Parallel transport around a loop

[dEdt]

From the Wikipedia article on the Riemann curvature tensor:

Suppose that X and Y are a pair of commuting vector fields. Each of these fields generates a pair of one-parameter groups of diffeomorphisms in a neighborhood of x₀. Denote by τ_tX and τ_tY, respectively, the parallel transports along the flows of X and Y for time t. Parallel transport of a vector Z ∈ T_x0M around the quadrilateral with sides tY, sX, −tY, −sX is given by
\tau_{sX}^{-1}\tau_{tY}^{-1}\tau_{sX}\tau_{tY}Z.
This measures the failure of parallel transport to return Z to its original position in the tangent space T_x0M.

The last sentence assumes that $\tau_{sX}^{-1}\tau_{tY}^{-1}\tau_{sX}\tau_{tY}$ returns Z back to x₀. It isn't obvious to me that this should be true.
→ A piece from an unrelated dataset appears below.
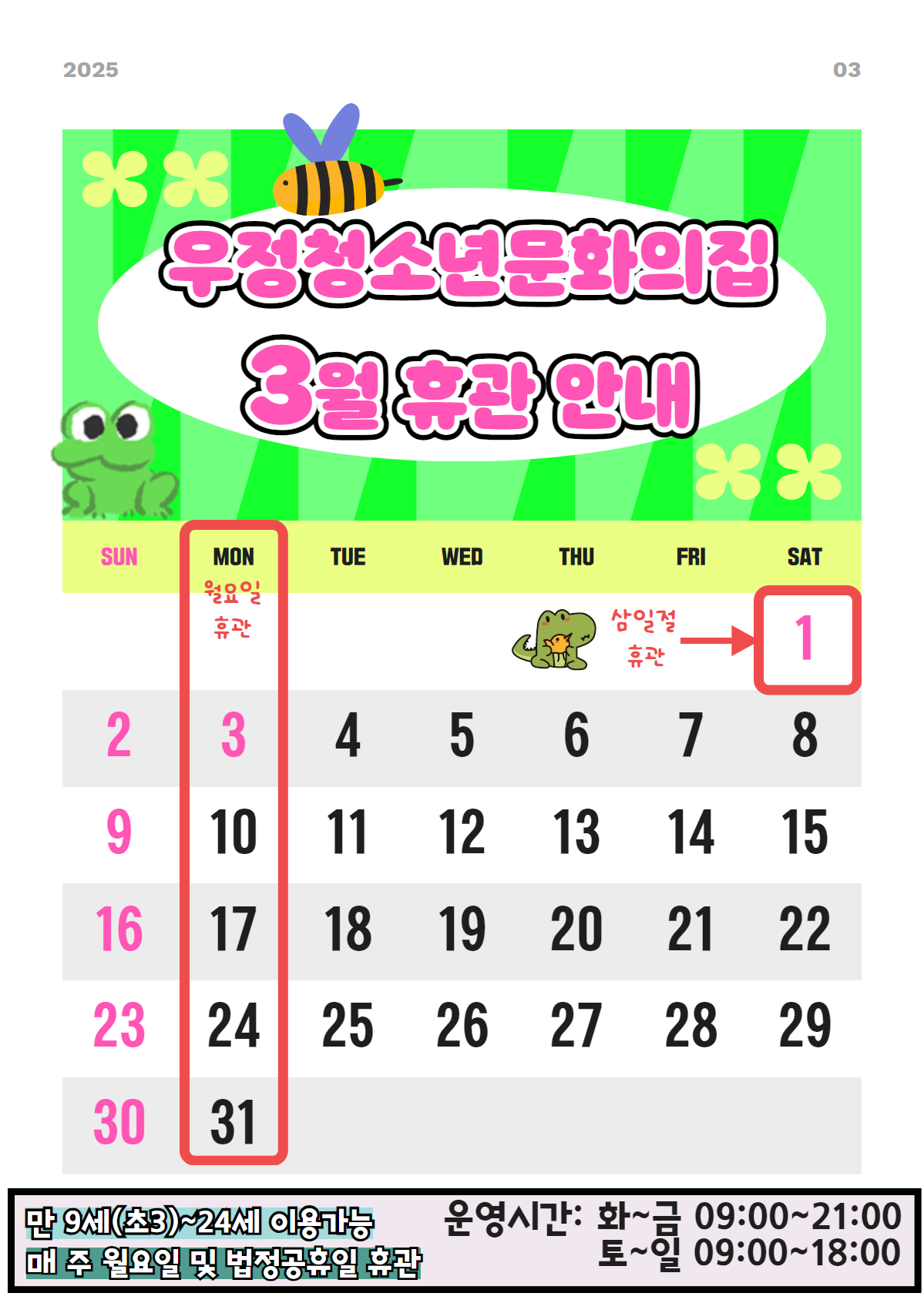 문의 및 접수처 : 031-351-2557 휴관일 : 월요일, 법정공휴일

My guess is that this is true because X and Y commute, but I can't think of a proof for this claim.

 

[Ben Niehoff]

X and Y being commuting fields is equivalent to the quadrilateral being closed (provided there is no torsion).

In the presence of torsion, quadrilaterals of commuting vectors fail to close, and the torsion tensor measures the amount by which they fail to close:

T(X,Y) \equiv \nabla_X Y - \nabla_Y X - [X,Y]
Here $Z = T(X,Y)$ is the vector that closes the gap left after taking into account the possibility that X and Y fail to commute.

 

[dEdt]

X and Y being commuting fields is equivalent to the quadrilateral being closed (provided there is no torsion).

That's what I suspected. Do you have a proof for this?